People will listen to what they want to hear - those who already agree with them. The Balkinization of opinion will continue, and likely worsen. Legitimacy is irrelevant, and those caught making false statements - like Dan Rather - are held up as heroes.
There is literally not a single news source, right or left, that is trustworthy today. It's all about enforcing The Narrative. Perhaps we are all Homer after all?

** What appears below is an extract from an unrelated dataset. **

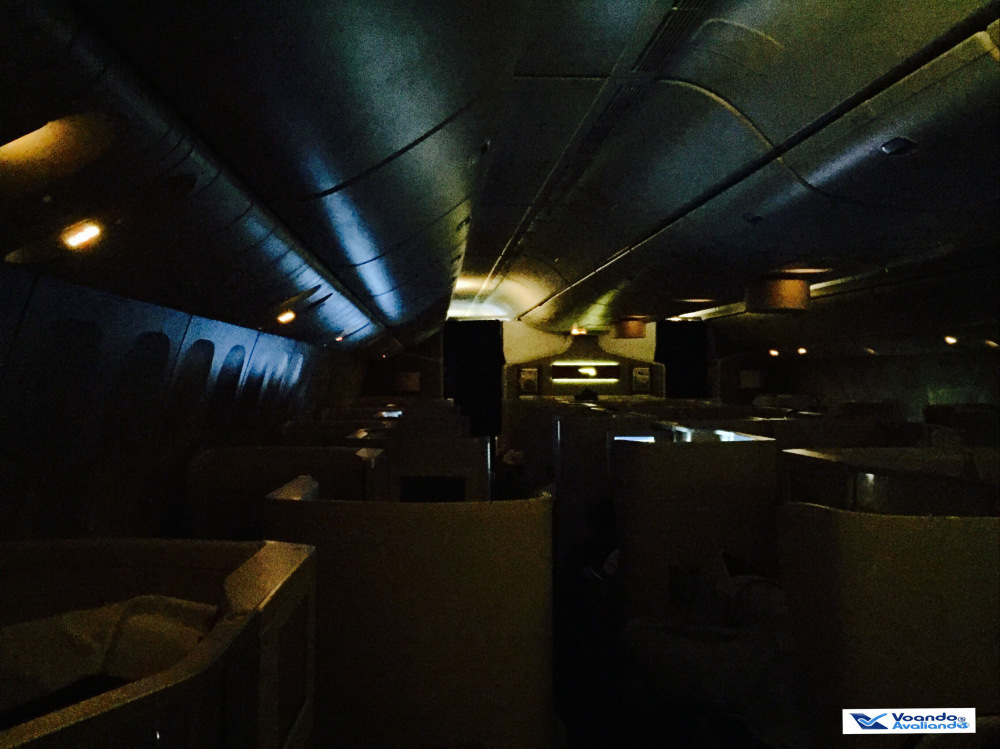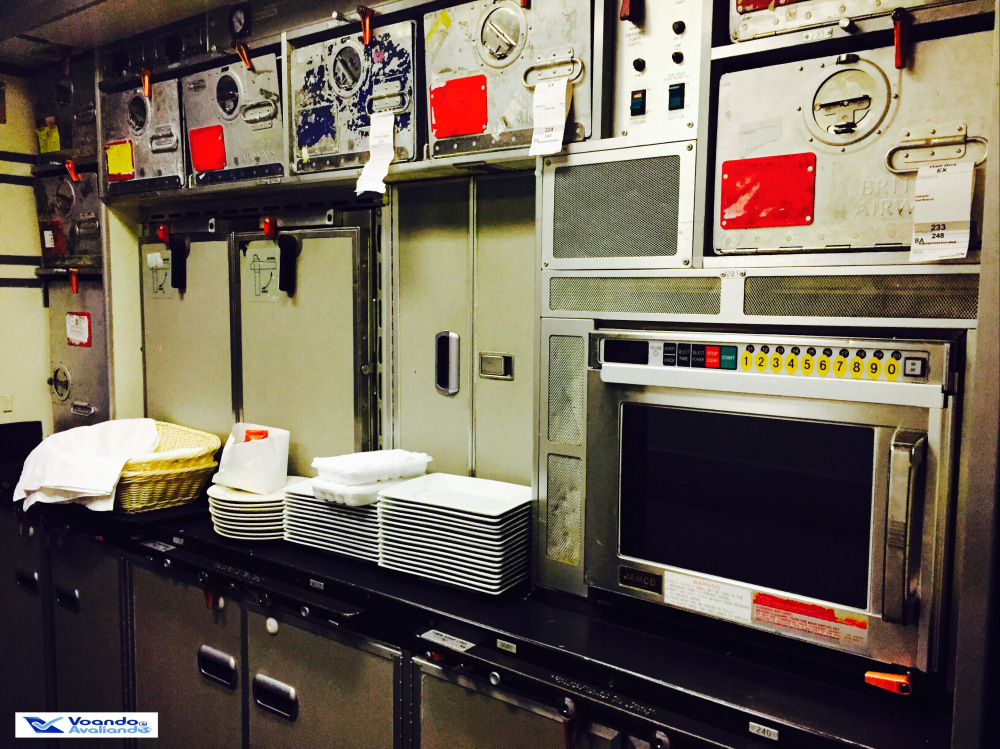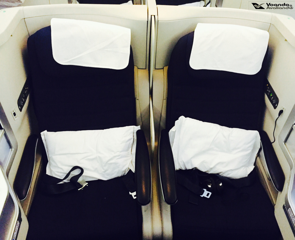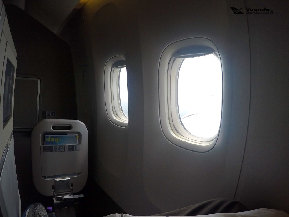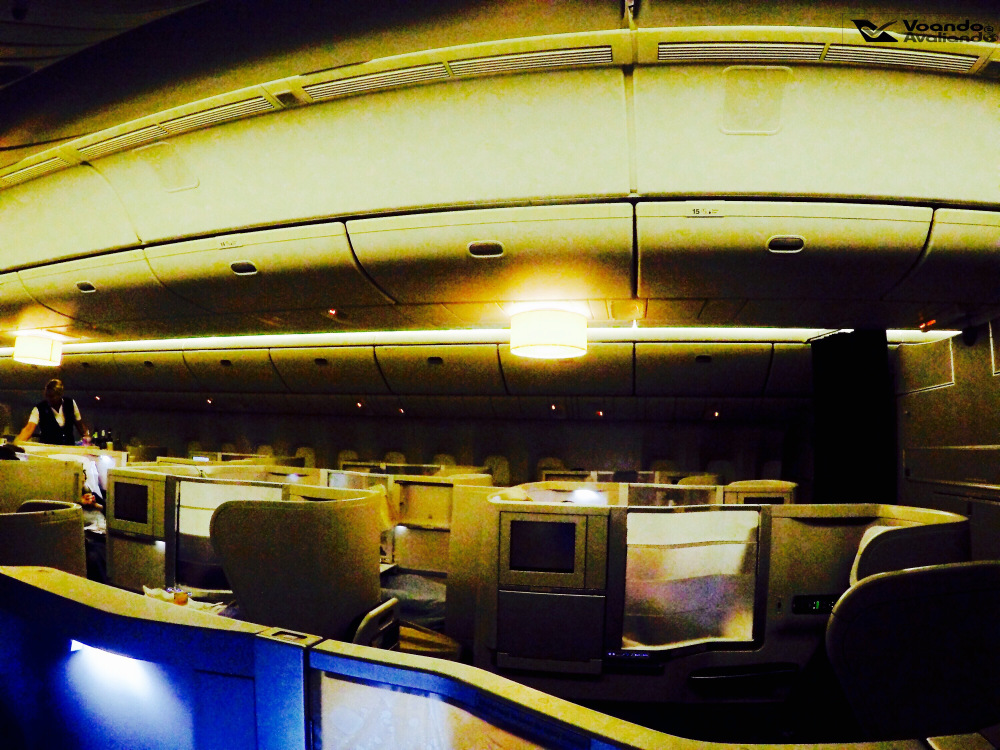 – o meu assento era o 15A, uma janela no lado esquerdo da aeronave; a configuração é 2x4x2 e a estrutura de poltronas que a British instalou na classe Executiva é peculiar: todos os passageiros sentados nas janelas viajam de costas para a frente do avião e de madrugada precisam “pular” as pernas daquelas pessoas que estão sentadas no assento do corredor caso queiram ir ao banheiro; da mesma forma, quem está sendo nos assentos do meio, não têm acesso direito ao corredor; justamente o meu assento é uma exceção a este problema, como é o último da classe Executiva, eu não precisei incomodar ninguém durante o voo

#1 Posted by Jayat, CJR on Sat 8 Jun 2013 at 09:56 AM
This is nonsense on stilts. It's as if nothing happened before about 900 CE. The only reference to an earlier period is to Homer. In the ancient west alone, how about: public inscriptions of laws and edicts on stone, with punishments prescribed for anyone who moved or defaced them; private inscriptions, such as curses, on metal (ever heard the phrase 'aere perennius'?); the disputes about the authentic and correct texts of the dramatists, Homer, etc. amongst grammarians from the 3rd c. BCE, of those of the founders of the school amongst Epicureans from the 2nd c. BCE, and of those of Plato and Aristotle amongst Academics & Peripatetics from the 2nd c. CE; Galen's complaints in the 2nd c. CE that people were circulating early works of his without his permission, and works not his under his name; and the vast numbers of papyri that have survived, preserving everything from private letters to New Comedy (and Epicurus). We even have writing tablets from Vindolanda. The "orality" of ancient Greek culture and the transition to literacy has been a topos for decades. (This is off the top of my head, by the way. Nothing fancy.) On the other hand, early printed editions of books often present very different texts. The number of "ephemeral" political pamphlets produced in Britain from the 17th c. on is staggering. In short, these authors seem to be peddlng a piece of fiction; so it's probably appropriate that its title would assign it to the Ludlum Corpus.